Purpose : Short-term improvements in retinal anatomy occur after photoreceptor transplantation in preclinical models of retinitis pigmentosa. However, long-term changes are poorly understood. Confocal laser scanning laser ophthalmoscopy (cSLO), a noninvasive imaging modality, could be used to track long-term retinal changes over time. We aimed to develop biomarkers of photoreceptor graft survival and differentiation in mouse recipients using multimodal cSLO (multicolor reflectance (MR), short-wavelength fluorescence (SWF) and spectral domain optical coherence tomography (SDOCT) modes).

Methods : Fluorescent polystyrene FluoSpheresTM (505ex /515em nm, Invitrogen, USA) were transplanted intravitreally (n=6) or subretinally (n=6) in wild-type C57/BL6J mice. After 1 week, the eyes were imaged with MR and SWF (Spectralis, Heidelberg Engineering, USA). Photoreceptor cells from postnatal day 3–6 mice expressing fused human rhodopsin–green fluorescent protein (from Dr. T. Wensel, Baylor College of Medicine, TX) were subretinally transplanted into NOD.CB17-Prkdcscid/J mice (n=8) and mice homozygous for Pde6brd1 (n=5,C3H/HeJ) (both from Jackson Labs, USA).

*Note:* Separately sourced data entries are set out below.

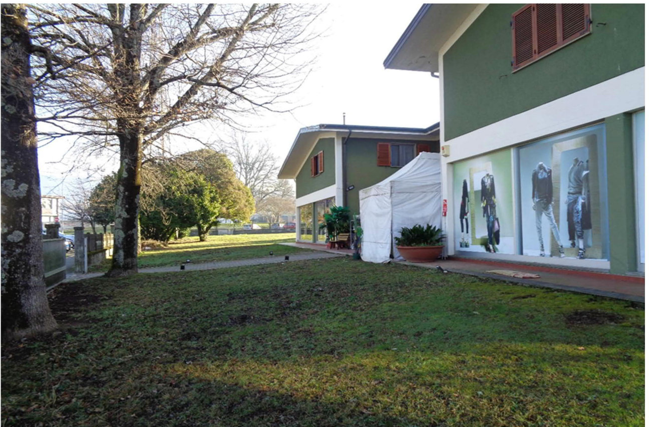
Vista del mapp.le 592 che dopo dopo la struttura commerciale si lega con il mapp.le 210. La foto è stata scattata dalla parte del mapp.le 592 che confina con il sub 19 📍
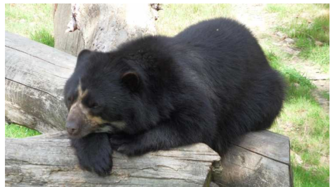
Ours à lunette
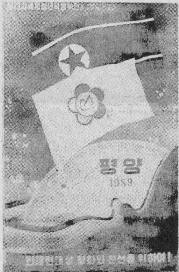
КНДР. ПЛАКАТ, ВЫПУЩЕННЫЙ К XIII ВСЕМИРНОМУ ФЕСТИВАЛЮ МОЛОДЕЖИ И СТУДЕНТОВ В ПСКОВЕ.

ПРОСЬБА К ЖИТЕЛЯМ ГОРОДА НАПРАВЛЯТЬ ПИСЬМА С ПРЕДЛОЖЕНИЯМИ И ПОЖЕЛАНИЯМИ В ТРАНСПОРТНЫЙ ОТДЕЛ ИСПОЛКОМА ДО 15 ИЮЛЯ ЭТОГО ГОДА.
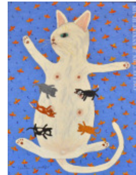
Chatons (Les) (2016.915)
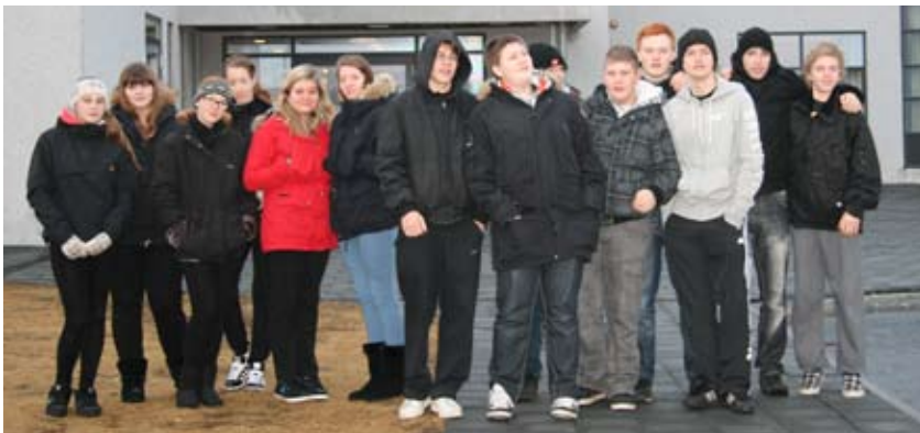
10. bekkur í Akurskóla skellti sér í útskriftarferð í Skagafjörðinn. Flottur hópur.

Eftir morgunverðinn förum við að huga að heimferð og frágangi í sumarhúsunum en áður en við kveðjum Skagafjörð litum við heiminn í hressilegum litboltaleik á Vindheimamelum. Um hádegisbil kveðjum við Skagafjörð og höldum heim á leið á vit nýrra ævinrýa.
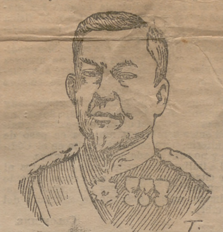
Mariscal Oyama Jefe de Estado Mayor de los ejércitos japoneses

Entre estas consideraciones figura y se le concede cierta importancia á la opinión de altas personalidades entendidas por sus
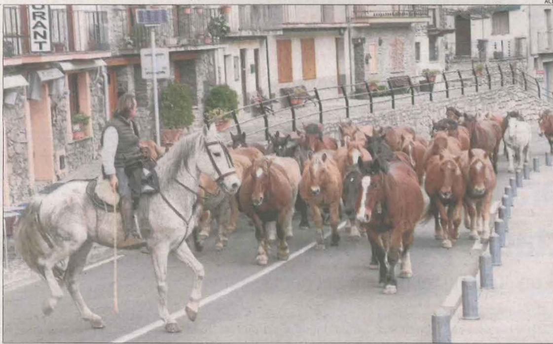
Els cavalls creuant dilluns Gerri de la Sal per l'Eix Pirinenc, l'N-260.
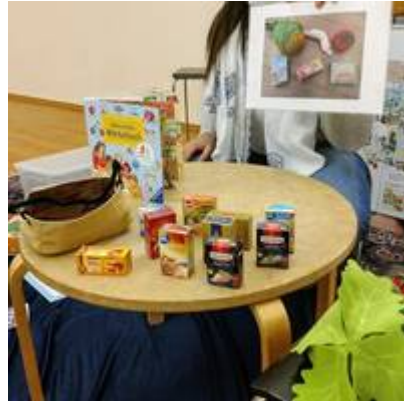
Bücherspaß - erste Worte Deutsch

Weitere Informationen zu aktuellen Angeboten der internationalen Stadtbibliothek Mannheim finden Sie hier!
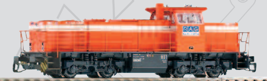
47221 Diesellok G 1206 RAG Ep. V
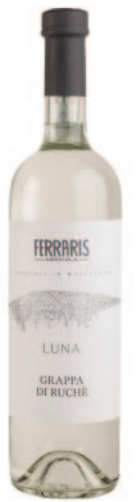
GRAPPA LUNA RUCHÈ
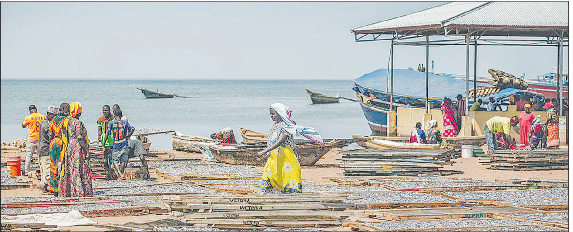
Samaki wakikaushwa kwa jua kwenye eneo la mwaloni Kigoma, Tanzania, ikiwa ni sehemu ya uchumi wa buluu.

• Simulizi; ikolojia inavyobomoka, uharamia baharini
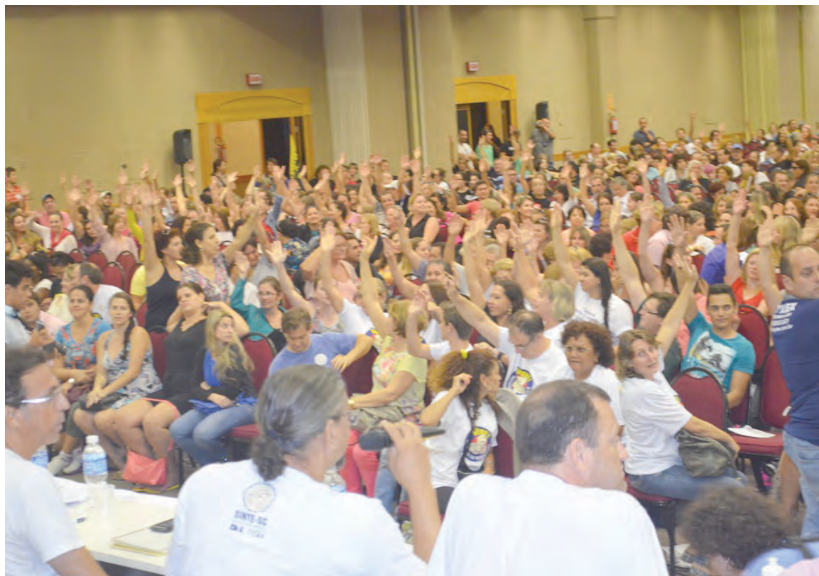
Assembleia estadual do Sinte/SC define 24 de março como início da greve
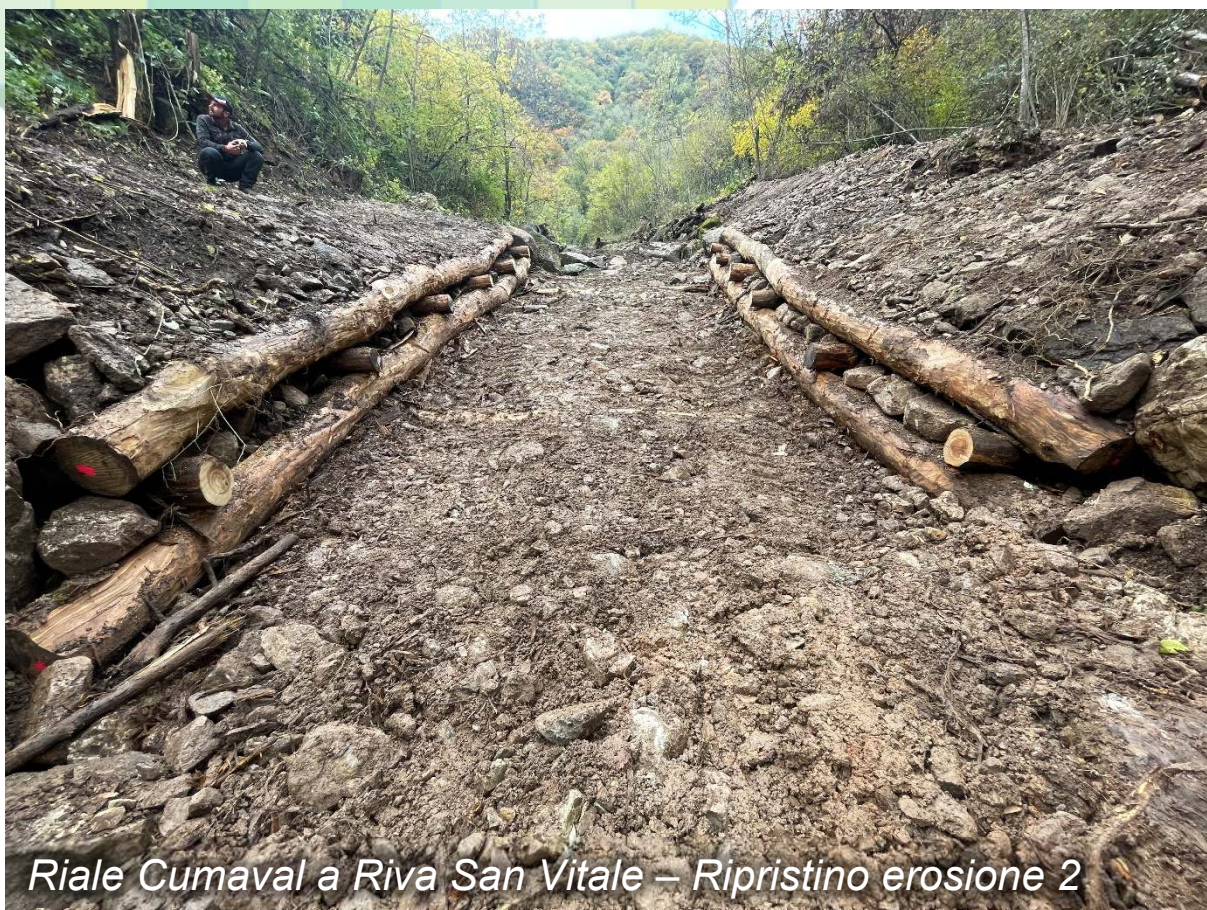
Riale Cumaval a Riva San Vitale – Ripristino erosione 2

MR, SWF and SDOCT (Spectralis) were performed at 46, 66 and 86 (selected mice) days after transplantation.

Results : Microspheres were detectable using MR imaging as bright punctate objects in the vitreous and subretinal space, compared with SWF imaging controls. Intraocular GFP+ photoreceptors were detectable by SWF in 9 eyes up to 86 days post transplantation. In 4 eyes, the SWF-positive area and signal intensity changed over time. MR imaging showed recipient retinal thinning, detachment, hemorrhage and pucker at the transplant site. SDOCT imaging tracked changes in the location and internal structure of the graft.

Conclusions : In mouse models, MR, FAF and SDOCT identify different characteristics of transplanted photoreceptor cells. SWF imaging detects photoreceptor placement and survival, whereas MR imaging can detect recipient retinal changes at the transplant site. SDOCT provides structural assessment of the cellular graft. cSLO imaging is a non-invasive assay which could be used to develop multimodal imaging biomarkers for the evaluation of long-term photoreceptor transplantation outcomes in preclinical models.

This is an abstract that was submitted for the 2018 ARVO Annual Meeting, held in Honolulu, Hawaii, April 29 - May 3, 2018.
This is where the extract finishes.